Wed Jun 6 09:03:20 MDT 2012


----- Original Message -----
> From: "Nicolas Ecarnot" <nicolas.ecarnot at gmail.com>
> To: "Steven Whitehouse" <swhiteho at redhat.com>
> Cc: adas at redhat.com, samba-technical at samba.org
> Sent: Wednesday, June 6, 2012 9:47:56 AM
> Subject: CTDB asymetric (non-)recovery
> 
> Le 06/06/2012 11:00, Steven Whitehouse a écrit :
> >> Bonus question : Do you know which better channel I could ask a
> >> precise
> >> ctdb question?
> >>
> >
> > I probably missed that... I'm just catching up after the Jubilee
> > holiday :-) Abhi should be able to point you in the right direction
> > wrt
> > ctdb,
> 
> Thank you Steve.
> 
> Well, as Abhi is in Cc, here is the situation:
> > I had a 2-nodes cluster running too fine under Ubuntu server 11.10,
> > with
> > cman, corosync, GFS2, OCFS2, clvm, ctdb, samba, winbind.
> >
> > So I decided to upgrade to Precise (12.04)
> 
> Ctdb seems to run fine as it was under 11.10.
> 
> But an asymetric behaviour is striking my setup.
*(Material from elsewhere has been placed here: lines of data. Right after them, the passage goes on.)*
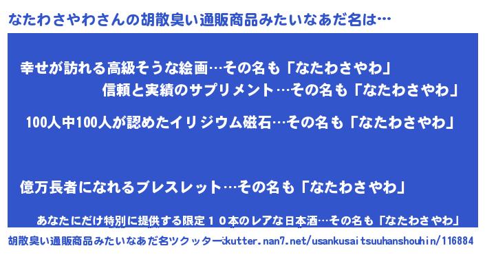| ヒーロー風カッコイイあだ名 | 『友情の使者なたわさやわ』 |
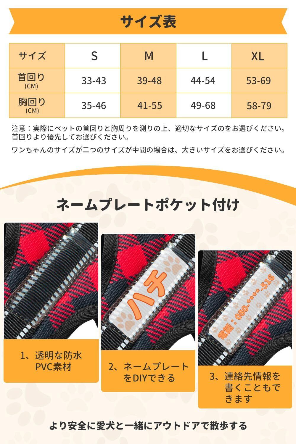 【最新型 獣医師の推薦犬ハーネス】OGURIYA 犬用胴輪 小型犬/中型犬/大型犬ハーネス 喉に優しい犬ハーネス夏対策 ネームプレート 可愛い 犬体工学に基づいた 5色選択(赤黒チェック柄,L)
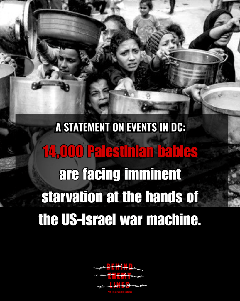 A statement on the event in DC: 14,000 Palestinian babies are facing imminent starvation at the hands of the US-Israel war machine.
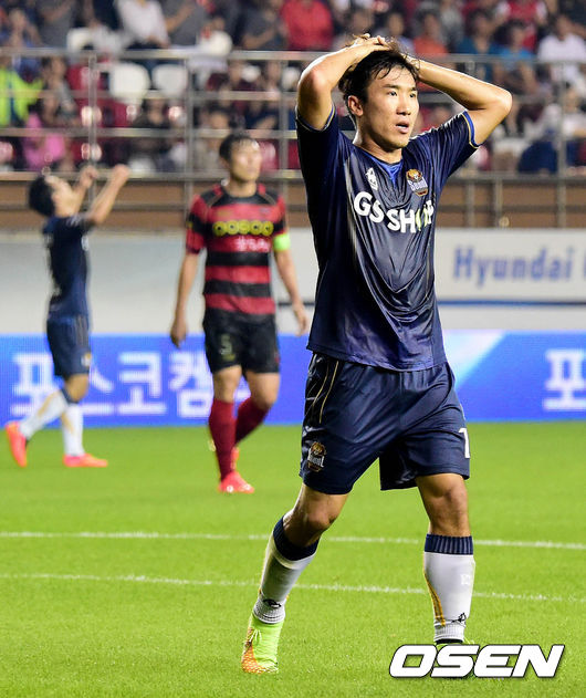 7일 오후 포항 스틸야드에서 열린 '현대오일뱅크 K리그 클래식 2014' 포항 스틸러스와 FC 서울의 경기 전반 고요한이 자신의 슛이 빗나가자 아쉬워하고 있다.
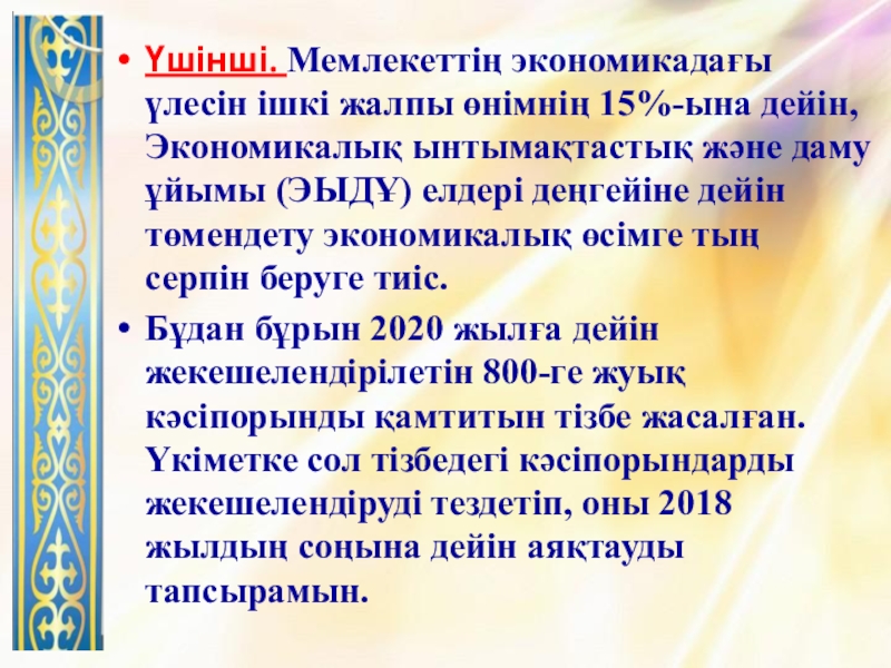 Слайд 12Үшінші. Мемлекеттің экономикадағы үлесін ішкі жалпы өнімнің 15%-ына дейін, Экономикалық ынтымақтастық
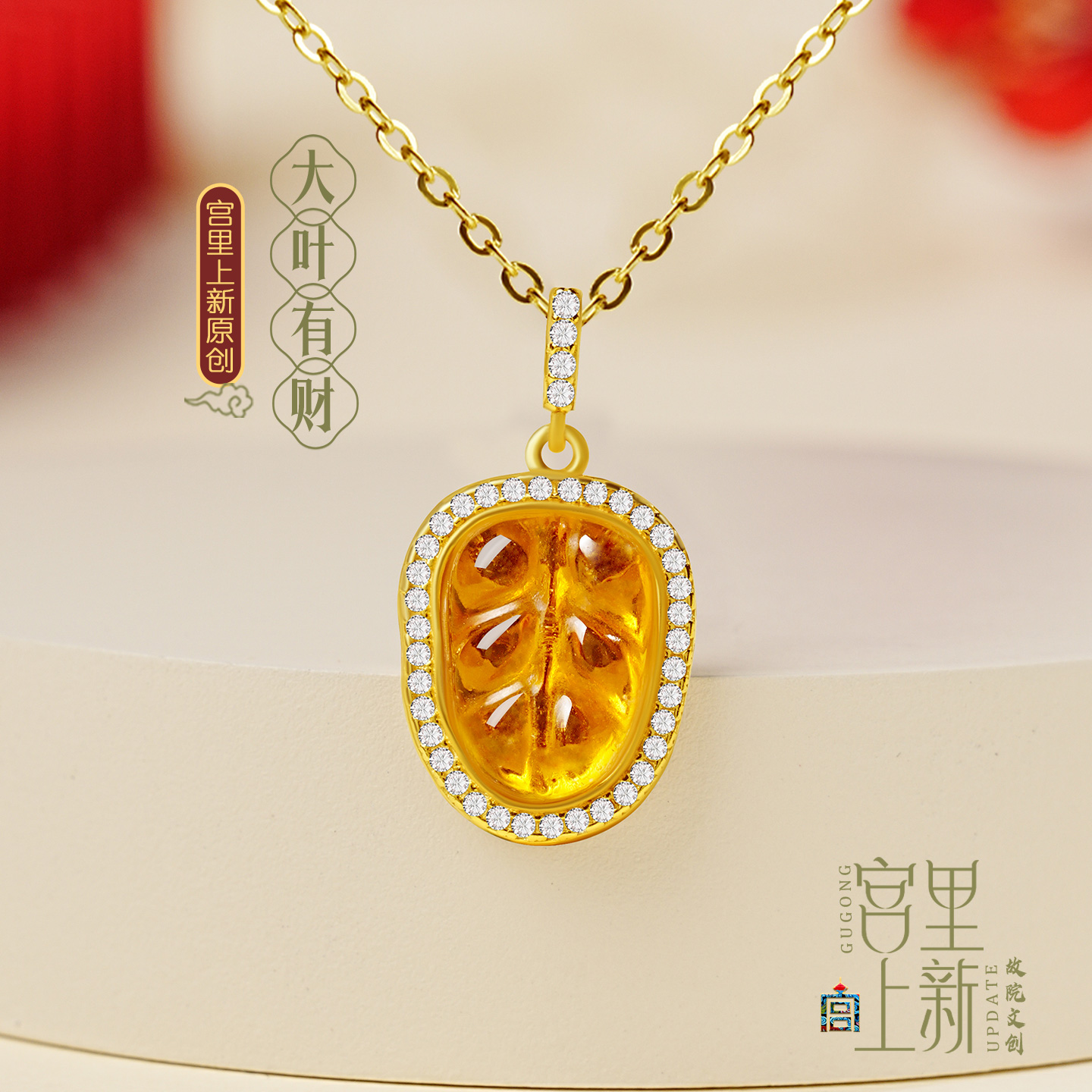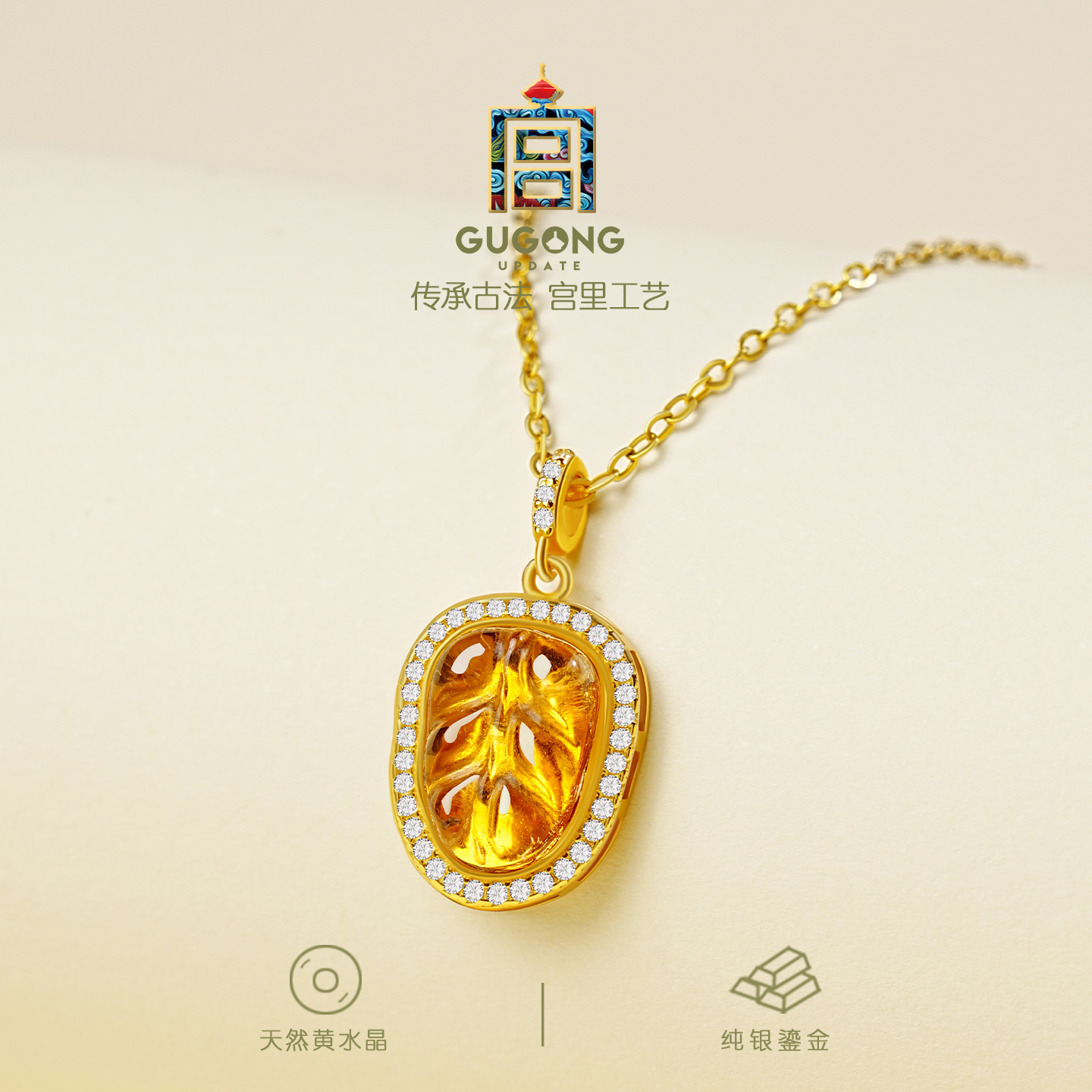 宫里上新黄水晶吊坠女天然叶子黄色项链纯银旺财生日礼物送妈妈

> My tests are showing this :
> 
> Test 01
> - both nodes down (ctdb stop)
> - node 0 : ctdb start : OK
> - node 1 : ctdb start : both OK
> 
> Test 02
> - both nodes down (ctdb stop)
> - node 1 : ctdb start : OK
> - node 0 : ctdb start : both OK
> 
> Test 03
> - both nodes down (ctdb stop)
> - node 0 : ctdb start : OK
> - node 1 : ctdb start : both OK
> - node 1 : ctdb stop : OK
> - node 1 : ctdb start : both OK
> 
> Test 04
> - both nodes down (ctdb stop)
> - node 0 : ctdb start : OK
> - node 1 : ctdb start : both OK
> - node 0 : ctdb stop : OK
> - node 0 : ctdb start : node 0 down, only node 1 OK !!!
> 
> I tried to run these tests by asking ctdb to manage samba+winbind,
> and
> tried the same tests without managing them.
> 
> Without managing them, it greatly improves the Test 04, but not at
> each
> try, so I guess this is not related to the 50.samba script.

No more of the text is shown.